Apocrine sweat glands on the other hand, are characterized by an apocrine mode of secretion where the secretory material accumulates in the apical portion of the secretory cell which then pinched off and passes into the lumen when fully filled with the secretory material. Thus, their secretion is thicker than the watery sweat produced by the eccrine sweat glands. This type of sweat glands is present in the armpits and around the external genitalia. Their secretion passes into hair follicles and via hair follicles on the skin surface. Their secretion is odorless at first but often develops an odor when cracked down by bacteria present on the skin. Apocrine sweat glands are activated by emotional stress and sex hormones. The mammary glands, Moll of the eyelids, and the ceruminous glands of the auditory meatus which produce the ear wax, are modified apocrine sweat glands.

Eccrine sweat glands develop from the epidermis of the skin in the 4^th month of gestation. To begin with, the epidermal cells proliferate and form focal thickenings known as placodes. Each placode develop into and eccrine glad bud that grows into the underlying dermis and elongates forming primordial sweat gland ducts. Each primordial duct elongates and coils, and its distal part differentiates into the coiled tubular secretory unit. Eccrine sweat glands are not fully functional until after birth.

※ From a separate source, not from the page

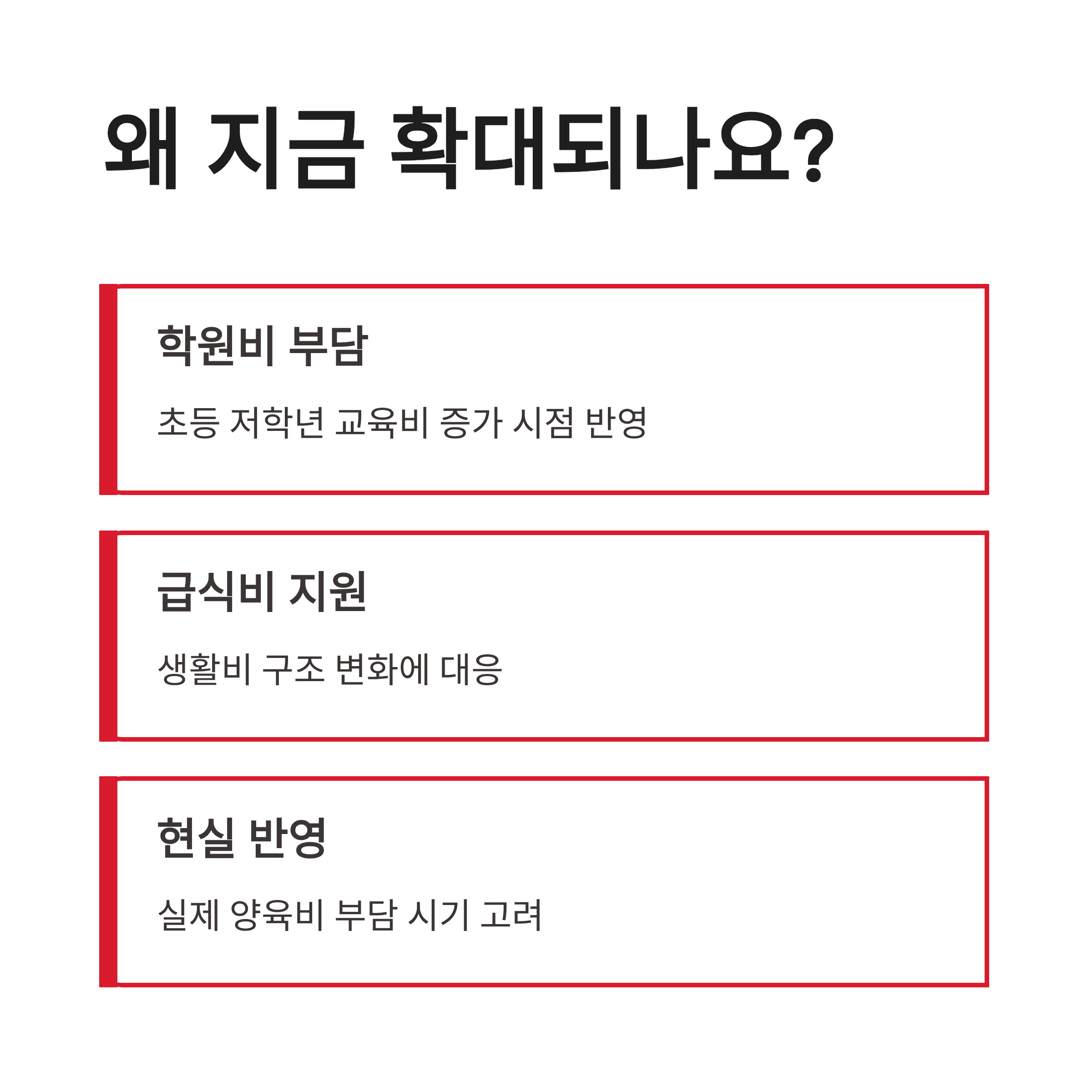 _x000D__x000D_ 요즘 부모 커뮤니티에서도 아동수당 확대 얘기 진짜 많아요. 장점부터 말하면 당연히 현금성 지원이라 쓰임이 자유롭다는 점! 급식비, 교통비, 학용품 뭐든 가능해서 좋아요._x000D__x000D_ 단점은요… 지역마다 시행 시점이 다르다는 점 ㅠㅠ 같은 2026년이라도 어떤 곳은 상반기, 어떤 곳은 하반기 시작이라 헷갈릴 수 있어요. 그래도 전체 흐름은 확실히 아동수당 확대 방향으로 가고 있어서 중장기적으로는 긍정적이라 봅니다._x000D__x000D_ _x000D__x000D_

Apocrine sweat glands are confined to the axilla (armpit), perineal region and in the areola around the nipple.  Apocrine sweat glands also are ectodermal in origin and develop from the same epidermal buds that give rise to hair follicles. Accordingly, the have no pores opening onto the epidermal surface; instead, their duct opens into the hair follicle and it is via the hair opening that its secretion reaches the skin surface. Entrance of apocrine duct into the hair follicle occupies a position more superficial than the entrance of the sebaceous gland, accordingly the secretion is a mixture of sweat and sebum. Apocrine sweat glands do not function until hormonal stimulation during puberty; before puberty they are small and inactive. The hormonal changes that take place at puberty trigger further enlargement of the gland differentiation of its secretory cells into active cells that synthesize and secrete a viscous milky sweat.

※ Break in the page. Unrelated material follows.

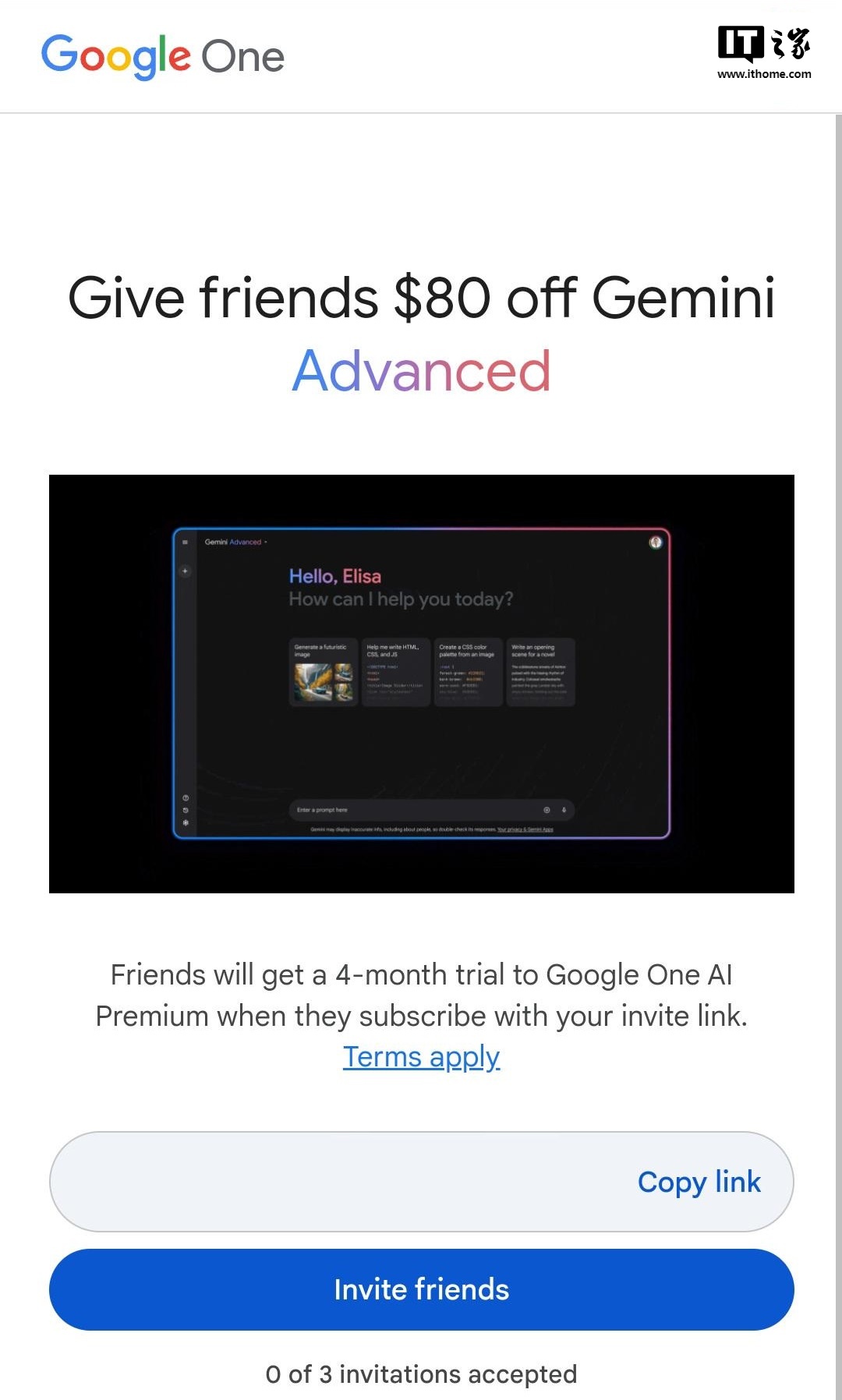IT之家 9 月 7 日消息,谷歌现开启了一项新活动,允许部分 Gemini Advanced 高级订阅用户邀请朋友享受相同的福利。

Development of the Mammary Glands

The mammary glands are modified sweat glands that begin to develop in the 7^th week of embryonic development as bilateral bands of epidermal thickening known as the mammary ridges or mammary ridges. At this stage, each ridge or line extends on each side of the body from the level of the forelimb to the region of origin of the hind limb. The greater part of each mammary ridge disappears shortly after its appearance. The remaining part of the ridge persists in the thoracic region, enlarges and develops into the underlying mesenchyme (dermis) forming about twenty small solid buds. These buds elongate and form solid cords that canalize and form lactiferous ducts that open together into a small epithelial pit that transforms shortly after birth into a nipple. At puberty, and under the influence of female sex hormones the distal ends of the ducts proliferate, branch, and differentiate forming mammary gland alveoli. In males, the mammary glands as in females, develop from the mammary gland buds but they soon regress and remain rudimentary.

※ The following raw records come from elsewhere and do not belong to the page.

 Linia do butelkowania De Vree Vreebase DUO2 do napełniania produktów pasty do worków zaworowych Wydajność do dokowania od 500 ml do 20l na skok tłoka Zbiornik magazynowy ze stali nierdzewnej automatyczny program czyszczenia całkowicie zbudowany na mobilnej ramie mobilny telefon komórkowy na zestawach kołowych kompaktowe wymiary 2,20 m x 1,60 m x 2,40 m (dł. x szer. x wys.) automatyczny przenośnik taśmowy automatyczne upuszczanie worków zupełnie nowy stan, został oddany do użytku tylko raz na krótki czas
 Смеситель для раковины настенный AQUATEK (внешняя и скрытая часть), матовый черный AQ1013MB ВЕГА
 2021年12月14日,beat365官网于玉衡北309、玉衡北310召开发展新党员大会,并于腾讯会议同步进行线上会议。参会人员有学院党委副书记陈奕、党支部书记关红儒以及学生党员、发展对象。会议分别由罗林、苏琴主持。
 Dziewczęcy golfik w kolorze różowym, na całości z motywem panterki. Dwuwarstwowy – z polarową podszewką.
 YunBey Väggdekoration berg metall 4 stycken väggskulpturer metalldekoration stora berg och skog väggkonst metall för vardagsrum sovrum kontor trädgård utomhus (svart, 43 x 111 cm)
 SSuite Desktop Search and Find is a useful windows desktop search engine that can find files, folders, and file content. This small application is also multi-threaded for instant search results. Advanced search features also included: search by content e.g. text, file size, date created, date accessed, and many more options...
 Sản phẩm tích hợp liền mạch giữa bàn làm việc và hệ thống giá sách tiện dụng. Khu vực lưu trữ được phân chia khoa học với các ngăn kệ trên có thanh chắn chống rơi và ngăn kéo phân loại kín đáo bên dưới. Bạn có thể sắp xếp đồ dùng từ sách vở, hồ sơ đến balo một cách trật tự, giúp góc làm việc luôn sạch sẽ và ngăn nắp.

Congenital anomalies of the mammary glands include amastia, amazia, athelia, polythelia, polymastia, and hypoplasia. Amastia is the complete absence of the mammary gland that results from disruption in the development of the mammary ridges due to genetic or chromosomal abnormalities, whereas amazia is the absence of mammary gland tissue in the presence the nipple and the areola.  Athelia is the absence of the nipple and areola in the presence of the glandular tissues of the breast. Polythelia on the other hand is presence of more than one nipple on each side of the body, often along the milk line. Polymastia is the presence mammary gland tissue in more than one location along the milk line, whereas hypoplasia is the presence of breasts that are much smaller than normal and is caused by underdevelopment of the mammary buds.